> **PROBLEM DESCRIPTION**
Output every record word for word, minus the pictures.

*** EXCERPTED DATA ***

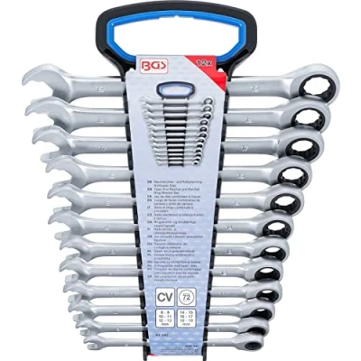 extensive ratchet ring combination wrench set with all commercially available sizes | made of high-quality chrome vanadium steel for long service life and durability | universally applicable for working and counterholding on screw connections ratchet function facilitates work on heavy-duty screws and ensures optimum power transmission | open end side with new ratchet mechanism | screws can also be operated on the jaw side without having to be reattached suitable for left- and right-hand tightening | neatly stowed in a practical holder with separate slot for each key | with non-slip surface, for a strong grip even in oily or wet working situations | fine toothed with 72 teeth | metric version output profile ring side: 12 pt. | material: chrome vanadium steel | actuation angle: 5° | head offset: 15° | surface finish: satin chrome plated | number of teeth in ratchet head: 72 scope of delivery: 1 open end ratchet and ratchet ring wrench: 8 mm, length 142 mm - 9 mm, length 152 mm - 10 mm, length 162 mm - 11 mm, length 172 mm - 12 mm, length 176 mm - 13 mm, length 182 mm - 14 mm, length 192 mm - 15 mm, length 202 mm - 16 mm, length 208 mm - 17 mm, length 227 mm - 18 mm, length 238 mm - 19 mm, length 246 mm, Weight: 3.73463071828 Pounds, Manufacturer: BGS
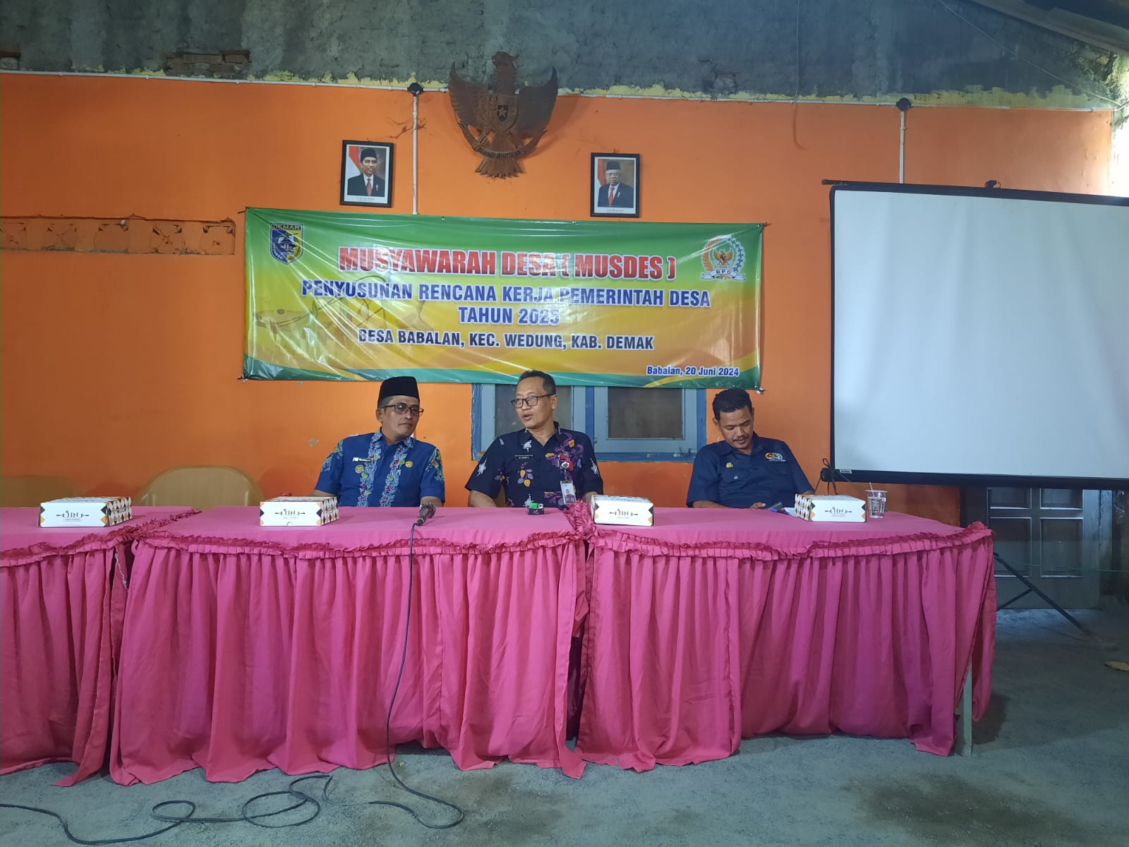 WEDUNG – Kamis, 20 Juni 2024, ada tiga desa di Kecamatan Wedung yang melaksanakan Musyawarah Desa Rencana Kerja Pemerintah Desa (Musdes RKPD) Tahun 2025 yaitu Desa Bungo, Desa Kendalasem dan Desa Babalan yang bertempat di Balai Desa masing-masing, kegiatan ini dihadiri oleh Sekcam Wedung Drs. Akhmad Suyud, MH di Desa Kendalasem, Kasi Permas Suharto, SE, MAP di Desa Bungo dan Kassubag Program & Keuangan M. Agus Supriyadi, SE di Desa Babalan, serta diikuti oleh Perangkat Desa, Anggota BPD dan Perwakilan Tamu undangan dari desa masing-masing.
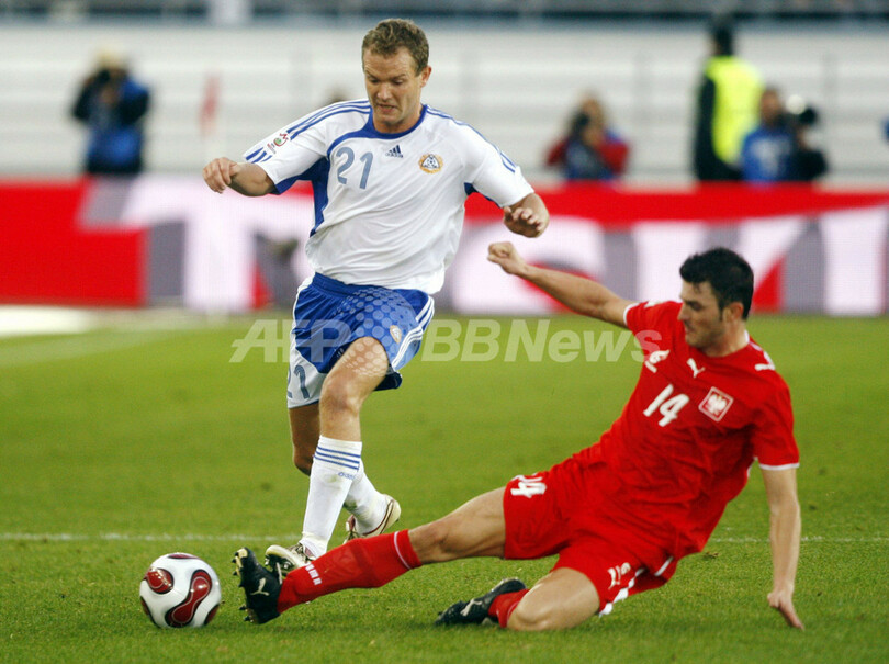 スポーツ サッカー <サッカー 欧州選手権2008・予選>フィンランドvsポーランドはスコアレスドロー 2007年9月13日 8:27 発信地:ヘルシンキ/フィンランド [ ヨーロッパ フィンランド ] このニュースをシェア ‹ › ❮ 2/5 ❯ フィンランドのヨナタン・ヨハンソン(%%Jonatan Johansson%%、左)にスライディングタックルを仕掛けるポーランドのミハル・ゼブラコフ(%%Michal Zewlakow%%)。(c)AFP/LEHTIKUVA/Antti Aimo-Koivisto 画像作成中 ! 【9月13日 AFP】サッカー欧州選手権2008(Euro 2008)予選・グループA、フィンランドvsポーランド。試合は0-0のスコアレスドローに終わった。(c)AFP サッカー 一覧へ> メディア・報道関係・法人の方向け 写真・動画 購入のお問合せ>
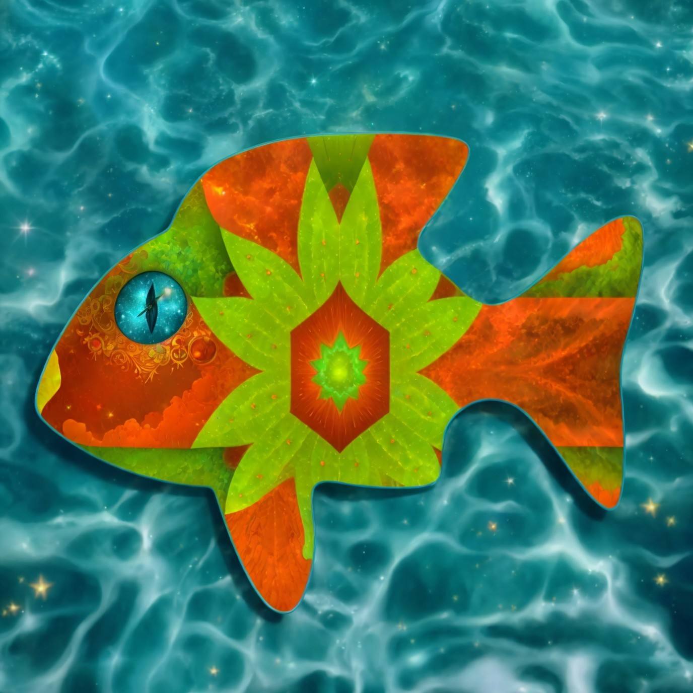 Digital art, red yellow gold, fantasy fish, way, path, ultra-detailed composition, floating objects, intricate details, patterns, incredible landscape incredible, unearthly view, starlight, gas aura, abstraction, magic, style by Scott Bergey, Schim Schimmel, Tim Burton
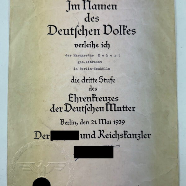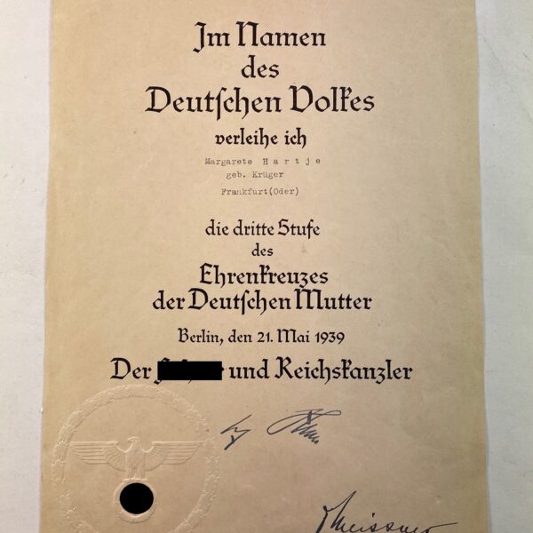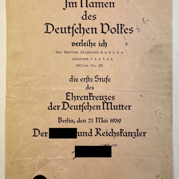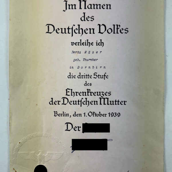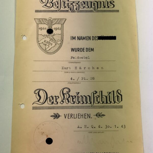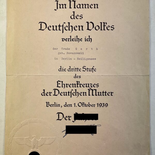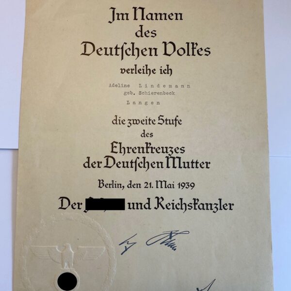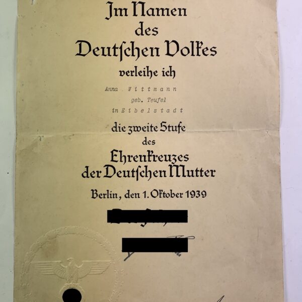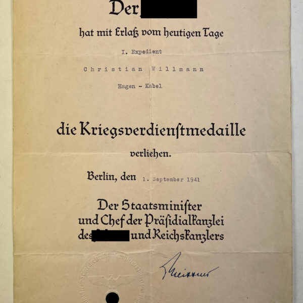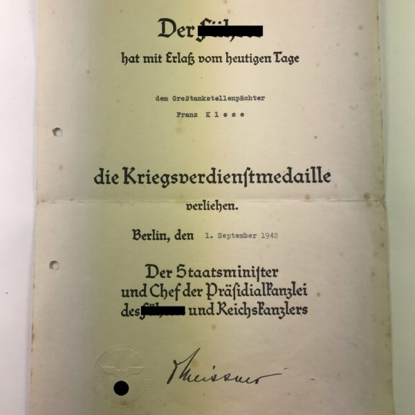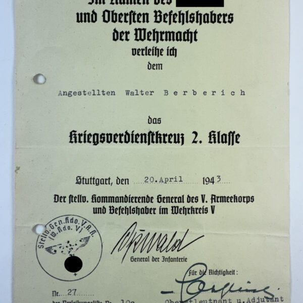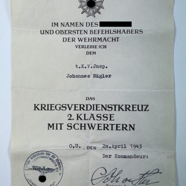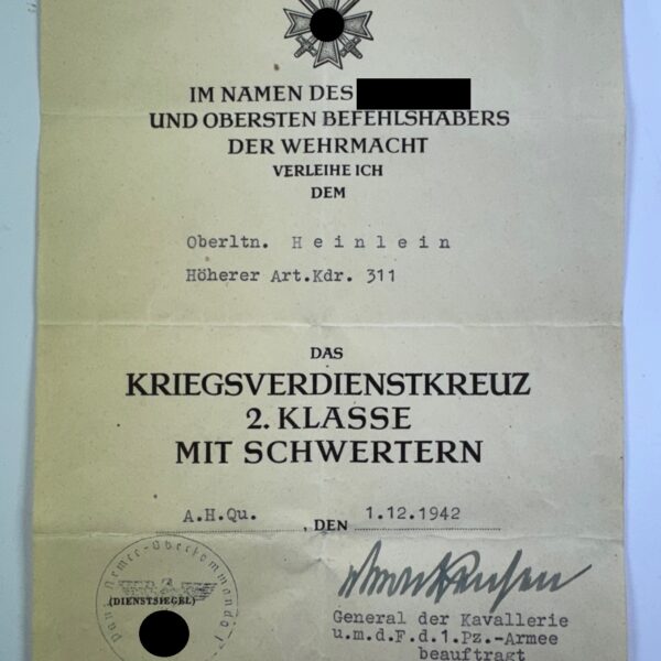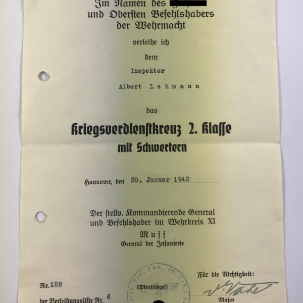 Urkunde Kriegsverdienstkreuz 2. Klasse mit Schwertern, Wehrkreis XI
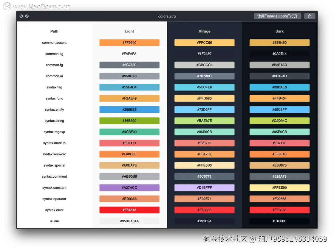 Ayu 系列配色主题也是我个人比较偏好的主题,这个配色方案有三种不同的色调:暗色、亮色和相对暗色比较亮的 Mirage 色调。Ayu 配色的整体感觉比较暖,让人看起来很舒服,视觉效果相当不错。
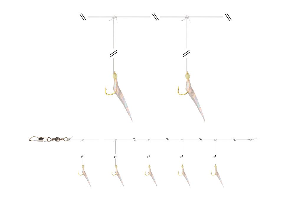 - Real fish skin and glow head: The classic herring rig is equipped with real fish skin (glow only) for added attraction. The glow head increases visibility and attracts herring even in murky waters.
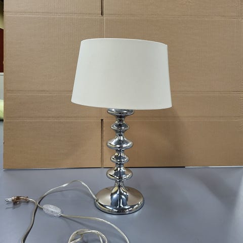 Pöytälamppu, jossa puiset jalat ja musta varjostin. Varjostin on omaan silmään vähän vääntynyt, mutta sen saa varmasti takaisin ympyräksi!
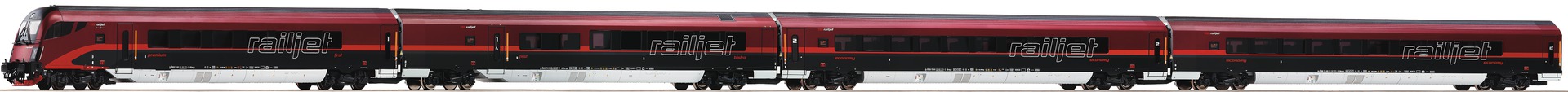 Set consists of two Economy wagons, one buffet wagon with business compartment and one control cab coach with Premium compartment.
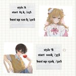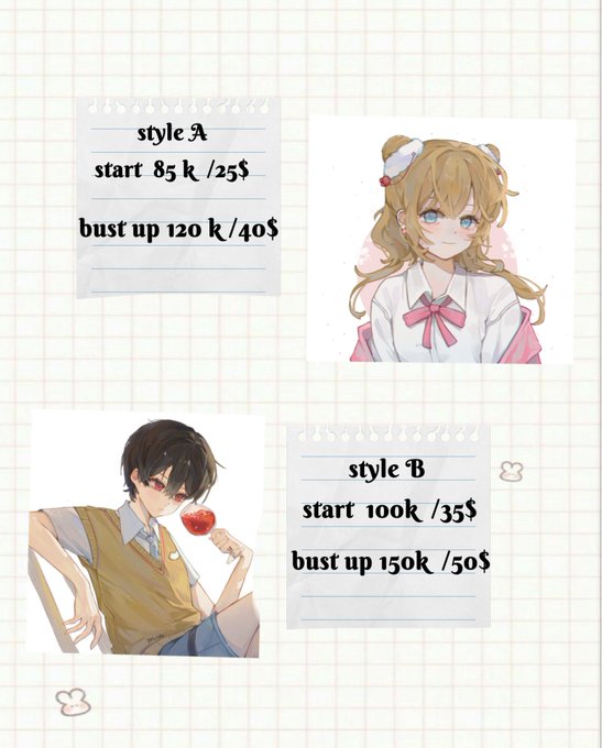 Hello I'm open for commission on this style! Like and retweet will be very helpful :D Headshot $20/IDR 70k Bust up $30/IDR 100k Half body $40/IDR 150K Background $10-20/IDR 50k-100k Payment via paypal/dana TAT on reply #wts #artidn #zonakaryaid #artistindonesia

*** End of EXCERPTED DATA ***

> **EXERCISE RESPONSE**
 extensive ratchet ring combination wrench set with all commercially available sizes | made of high-quality chrome vanadium steel for long service life and durability | universally applicable for working and counterholding on screw connections ratchet function facilitates work on heavy-duty screws and ensures optimum power transmission | open end side with new ratchet mechanism | screws can also be operated on the jaw side without having to be reattached suitable for left- and right-hand tightening | neatly stowed in a practical holder with separate slot for each key | with non-slip surface, for a strong grip even in oily or wet working situations | fine toothed with 72 teeth | metric version output profile ring side: 12 pt. | material: chrome vanadium steel | actuation angle: 5° | head offset: 15° | surface finish: satin chrome plated | number of teeth in ratchet head: 72 scope of delivery: 1 open end ratchet and ratchet ring wrench: 8 mm, length 142 mm - 9 mm, length 152 mm - 10 mm, length 162 mm - 11 mm, length 172 mm - 12 mm, length 176 mm - 13 mm, length 182 mm - 14 mm, length 192 mm - 15 mm, length 202 mm - 16 mm, length 208 mm - 17 mm, length 227 mm - 18 mm, length 238 mm - 19 mm, length 246 mm, Weight: 3.73463071828 Pounds, Manufacturer: BGS
 WEDUNG – Kamis, 20 Juni 2024, ada tiga desa di Kecamatan Wedung yang melaksanakan Musyawarah Desa Rencana Kerja Pemerintah Desa (Musdes RKPD) Tahun 2025 yaitu Desa Bungo, Desa Kendalasem dan Desa Babalan yang bertempat di Balai Desa masing-masing, kegiatan ini dihadiri oleh Sekcam Wedung Drs. Akhmad Suyud, MH di Desa Kendalasem, Kasi Permas Suharto, SE, MAP di Desa Bungo dan Kassubag Program & Keuangan M. Agus Supriyadi, SE di Desa Babalan, serta diikuti oleh Perangkat Desa, Anggota BPD dan Perwakilan Tamu undangan dari desa masing-masing.
 スポーツ サッカー <サッカー 欧州選手権2008・予選>フィンランドvsポーランドはスコアレスドロー 2007年9月13日 8:27 発信地:ヘルシンキ/フィンランド [ ヨーロッパ フィンランド ] このニュースをシェア ‹ › ❮ 2/5 ❯ フィンランドのヨナタン・ヨハンソン(%%Jonatan Johansson%%、左)にスライディングタックルを仕掛けるポーランドのミハル・ゼブラコフ(%%Michal Zewlakow%%)。(c)AFP/LEHTIKUVA/Antti Aimo-Koivisto 画像作成中 ! 【9月13日 AFP】サッカー欧州選手権2008(Euro 2008)予選・グループA、フィンランドvsポーランド。試合は0-0のスコアレスドローに終わった。(c)AFP サッカー 一覧へ> メディア・報道関係・法人の方向け 写真・動画 購入のお問合せ>
 Digital art, red yellow gold, fantasy fish, way, path, ultra-detailed composition, floating objects, intricate details, patterns, incredible landscape incredible, unearthly view, starlight, gas aura, abstraction, magic, style by Scott Bergey, Schim Schimmel, Tim Burton
 Urkunde Kriegsverdienstkreuz 2. Klasse mit Schwertern, Wehrkreis XI
 Ayu 系列配色主题也是我个人比较偏好的主题,这个配色方案有三种不同的色调:暗色、亮色和相对暗色比较亮的 Mirage 色调。Ayu 配色的整体感觉比较暖,让人看起来很舒服,视觉效果相当不错。
 - Real fish skin and glow head: The classic herring rig is equipped with real fish skin (glow only) for added attraction. The glow head increases visibility and attracts herring even in murky waters.
 Pöytälamppu, jossa puiset jalat ja musta varjostin. Varjostin on omaan silmään vähän vääntynyt, mutta sen saa varmasti takaisin ympyräksi!
 Set consists of two Economy wagons, one buffet wagon with business compartment and one control cab coach with Premium compartment.
 Hello I'm open for commission on this style! Like and retweet will be very helpful :D Headshot $20/IDR 70k Bust up $30/IDR 100k Half body $40/IDR 150K Background $10-20/IDR 50k-100k Payment via paypal/dana TAT on reply #wts #artidn #zonakaryaid #artistindonesia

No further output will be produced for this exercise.